Cell tower on Quail John Road to grow by fifteen feet

T-Mobile is hoping to expand their coverage.

Cell tower on Quail John Road to grow by fifteen feet
Quail John Road monopine, viewed from Godfrey Rd

From a few vantage points on Godfrey and Old Stone roads, a taller-than-average pine tree may be seen jutting above the treeline. This is a new “species” — a monopine (aka monopole tower disguised as a pine tree) — that is increasingly springing up around populated areas, or along interstates, where pine trees are endemic. It is a way for cell service providers to meet the ever-growing demand for coverage while avoiding the most obvious visual impacts of the standard cell towers and their crowns of antennas.

The monopine, viewed from Old Stone Rd`

The cell tower near Godfrey Road is the subject of an application by T-Mobile North LLC to bring their services to our area by adding onto an existing monopine that was constructed by a different company, American Tower. T-Mobile has submitted an application to the VT Public Utilities Commission (PUC) for the necessary certificate of public good (CPG) to add fifteen feet to the top of the monopine. This will carry six new antennas. Three antennas will be 8 ft high by 2 ft wide, three will be 6 ft 4 inches by 11 inches. This is essentially a similar dimension to the existing antennas.

Approximate location of the cell tower in question, near the I-91 corridor

They also propose to install six new reverse radio heads that will be placed behind the antennas and thus not visible. Reverse radio heads are part of the apparatus that runs cellular communication, and mounting them on the tower saves space on the ground. They are connected to equipment on the ground, the so-called base station, by a fiber optic cable.

Diagram of the monopine. The proposed height addition and new antennas are highlighted in turquoise.

The base stations for the new antennas will be built inside the existing compound at the base of the tower. No new soil disturbance or vegetation clearing will take place. T-Mobile will rent a 15 ft by 10 ft space from the tower owners, where they will build three equipment cabinets. These will house signal transceivers, a router, rectifiers to provide direct current, and a backup power source.

The 15’ by 10’ “base station” in red, will not extend outside of the existing tower compound.`

The Telecommunications Act of 1996 states that towns may not “effectively prohibit” wireless service by excluding towers through regulations that govern land use, for instance municipal zoning bylaws.
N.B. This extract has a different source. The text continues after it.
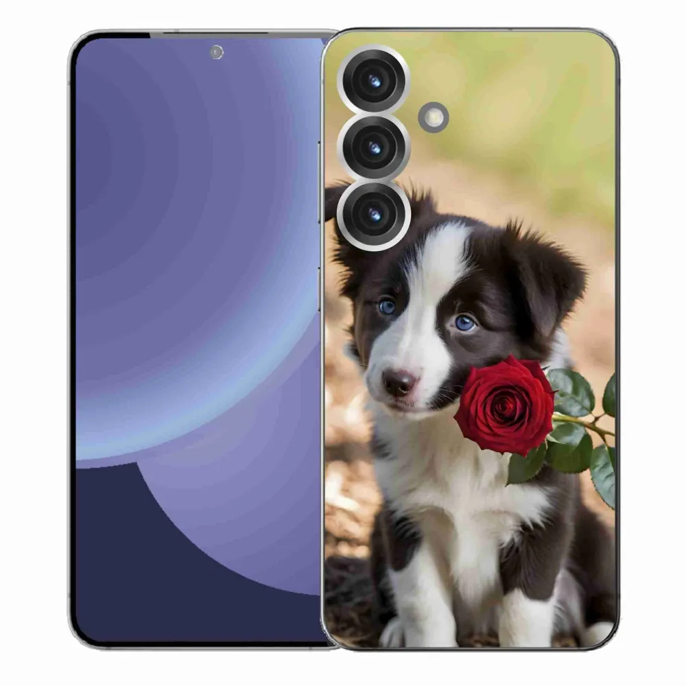 Gél borítás mmCase Samsung Galaxy S25+ készülékhez - aranyos border collie rózsával

However, the application process for installing or adding to a tower does allow for public input. Tower applications have even, on rare occasion, been successfully denied, but the legal process is long and costly. In the case of the Quail John tower, the abutting neighbors, the Town Clerk, and the Selectboard all received the Advance Notice “in support of a proposed modification to a wireless Telecommunications facility at 1112 Quail John Road” in May of this year.

The law allows that a public meeting with the applicant may be held “within the 60-day period before filing an application for a certificate of public good” so that public concerns may be aired. In a communication on September 22nd, T-Mobile noted that “while there were comments from the VT Agency of Natural Resources (concerning a deer wintering area), no other party which received an advanced notice of the project raised any concerns or objections to the project during the sixty day advanced notice timeframe.”

While disguising cell towers as trees seems like a clever idea, there is a drawback. Those fake pine needles are plastic, and plastic degrades and becomes brittle in sunlight.

Fallen foliage: a monopine on I-89 in New Hampshire that has shed most of its plastic needles and branches into the environment

A publication by the Environmental Health Trust described an area under a monopine that was covered in “an enormous debris field comprised of many pounds of fallen PVC plastic faux pine branches.”  A legal brief in a court case in the Lake Tahoe region also noted the “massive quantities of faux PVC branches and PVC pine needles that will adorn Verizon’s metallurgical monstrosity… just waiting to break off of the monopine in the next major windstorm or snowstorm, and thereafter, fly down into a widely-dispersed debris field below the tower.”  It doesn’t stop with a debris field; plastic continues to degrade into microplastic, minute particles that are washed into streams, rivers, and eventually the ocean. Microplastic is also ingested by small creatures and incorporated into the food chain.

However, unless the Town wishes to challenge the plastic-clad addition to the Quail John tower by a legal maneuver — intervening in a hearing before the PUC — the fifteen-foot growth spurt is a done deal.